## WHAT THE EXERCISE ASKS
Look through the entries below and extract exactly the lines from the one containing "Dünya ve Avrupa" through the one containing "Көтөрүлүшчүлөр тобу аэропорт", ends included.

Excerpts from a dataset
>>>>
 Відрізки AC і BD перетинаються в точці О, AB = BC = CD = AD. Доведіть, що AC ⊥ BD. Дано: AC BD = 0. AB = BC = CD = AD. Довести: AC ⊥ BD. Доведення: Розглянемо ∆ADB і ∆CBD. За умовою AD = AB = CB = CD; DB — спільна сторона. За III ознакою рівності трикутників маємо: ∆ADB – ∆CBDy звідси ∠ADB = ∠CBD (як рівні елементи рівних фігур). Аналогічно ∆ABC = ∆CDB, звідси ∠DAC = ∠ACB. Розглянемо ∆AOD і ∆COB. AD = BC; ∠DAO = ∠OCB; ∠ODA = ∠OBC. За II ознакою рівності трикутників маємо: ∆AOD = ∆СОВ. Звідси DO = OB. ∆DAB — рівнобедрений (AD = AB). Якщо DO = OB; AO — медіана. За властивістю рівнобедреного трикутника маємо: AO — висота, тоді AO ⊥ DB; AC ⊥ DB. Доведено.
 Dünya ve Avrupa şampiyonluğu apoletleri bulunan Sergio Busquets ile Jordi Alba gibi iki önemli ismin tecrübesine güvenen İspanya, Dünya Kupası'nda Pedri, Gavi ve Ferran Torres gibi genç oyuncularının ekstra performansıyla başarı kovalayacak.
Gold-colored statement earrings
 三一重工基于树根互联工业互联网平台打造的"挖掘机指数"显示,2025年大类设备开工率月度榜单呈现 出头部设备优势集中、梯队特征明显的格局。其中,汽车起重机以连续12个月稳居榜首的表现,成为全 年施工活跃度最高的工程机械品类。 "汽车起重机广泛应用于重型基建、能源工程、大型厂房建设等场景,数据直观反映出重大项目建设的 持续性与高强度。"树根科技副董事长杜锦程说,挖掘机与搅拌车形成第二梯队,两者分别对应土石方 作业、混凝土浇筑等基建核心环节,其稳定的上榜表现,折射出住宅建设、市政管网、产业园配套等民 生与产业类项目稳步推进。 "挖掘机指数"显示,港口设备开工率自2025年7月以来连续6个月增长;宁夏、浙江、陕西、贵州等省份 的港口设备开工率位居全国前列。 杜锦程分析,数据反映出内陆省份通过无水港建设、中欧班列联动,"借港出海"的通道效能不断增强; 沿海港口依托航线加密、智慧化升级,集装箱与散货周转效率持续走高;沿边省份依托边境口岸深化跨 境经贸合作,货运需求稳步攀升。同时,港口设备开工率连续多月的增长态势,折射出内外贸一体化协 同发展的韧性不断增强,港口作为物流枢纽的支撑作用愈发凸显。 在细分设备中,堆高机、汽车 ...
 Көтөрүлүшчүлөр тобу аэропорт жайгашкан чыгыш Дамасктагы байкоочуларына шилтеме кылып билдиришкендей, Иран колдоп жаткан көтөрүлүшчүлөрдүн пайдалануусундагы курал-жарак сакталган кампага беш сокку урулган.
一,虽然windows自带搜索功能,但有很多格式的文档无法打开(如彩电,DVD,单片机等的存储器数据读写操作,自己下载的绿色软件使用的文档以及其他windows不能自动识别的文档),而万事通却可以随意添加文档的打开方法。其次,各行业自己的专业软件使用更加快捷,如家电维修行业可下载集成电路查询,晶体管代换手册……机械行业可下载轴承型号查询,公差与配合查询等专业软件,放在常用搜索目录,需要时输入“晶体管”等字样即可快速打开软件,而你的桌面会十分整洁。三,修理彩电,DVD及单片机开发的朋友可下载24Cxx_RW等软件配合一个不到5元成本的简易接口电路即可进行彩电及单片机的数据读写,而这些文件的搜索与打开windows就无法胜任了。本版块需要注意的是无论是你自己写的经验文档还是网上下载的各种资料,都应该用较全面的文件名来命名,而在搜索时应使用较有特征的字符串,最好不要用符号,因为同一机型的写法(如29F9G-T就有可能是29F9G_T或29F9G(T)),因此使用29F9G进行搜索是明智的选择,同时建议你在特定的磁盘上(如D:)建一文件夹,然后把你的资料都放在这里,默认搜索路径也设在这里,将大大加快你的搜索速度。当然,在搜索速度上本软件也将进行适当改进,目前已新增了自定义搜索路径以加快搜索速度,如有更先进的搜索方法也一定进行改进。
<<<<
## SOLUTION TO THIS TASK
 Dünya ve Avrupa şampiyonluğu apoletleri bulunan Sergio Busquets ile Jordi Alba gibi iki önemli ismin tecrübesine güvenen İspanya, Dünya Kupası'nda Pedri, Gavi ve Ferran Torres gibi genç oyuncularının ekstra performansıyla başarı kovalayacak.
Gold-colored statement earrings
 三一重工基于树根互联工业互联网平台打造的"挖掘机指数"显示,2025年大类设备开工率月度榜单呈现 出头部设备优势集中、梯队特征明显的格局。其中,汽车起重机以连续12个月稳居榜首的表现,成为全 年施工活跃度最高的工程机械品类。 "汽车起重机广泛应用于重型基建、能源工程、大型厂房建设等场景,数据直观反映出重大项目建设的 持续性与高强度。"树根科技副董事长杜锦程说,挖掘机与搅拌车形成第二梯队,两者分别对应土石方 作业、混凝土浇筑等基建核心环节,其稳定的上榜表现,折射出住宅建设、市政管网、产业园配套等民 生与产业类项目稳步推进。 "挖掘机指数"显示,港口设备开工率自2025年7月以来连续6个月增长;宁夏、浙江、陕西、贵州等省份 的港口设备开工率位居全国前列。 杜锦程分析,数据反映出内陆省份通过无水港建设、中欧班列联动,"借港出海"的通道效能不断增强; 沿海港口依托航线加密、智慧化升级,集装箱与散货周转效率持续走高;沿边省份依托边境口岸深化跨 境经贸合作,货运需求稳步攀升。同时,港口设备开工率连续多月的增长态势,折射出内外贸一体化协 同发展的韧性不断增强,港口作为物流枢纽的支撑作用愈发凸显。 在细分设备中,堆高机、汽车 ...
 Көтөрүлүшчүлөр тобу аэропорт жайгашкан чыгыш Дамасктагы байкоочуларына шилтеме кылып билдиришкендей, Иран колдоп жаткан көтөрүлүшчүлөрдүн пайдалануусундагы курал-жарак сакталган кампага беш сокку урулган.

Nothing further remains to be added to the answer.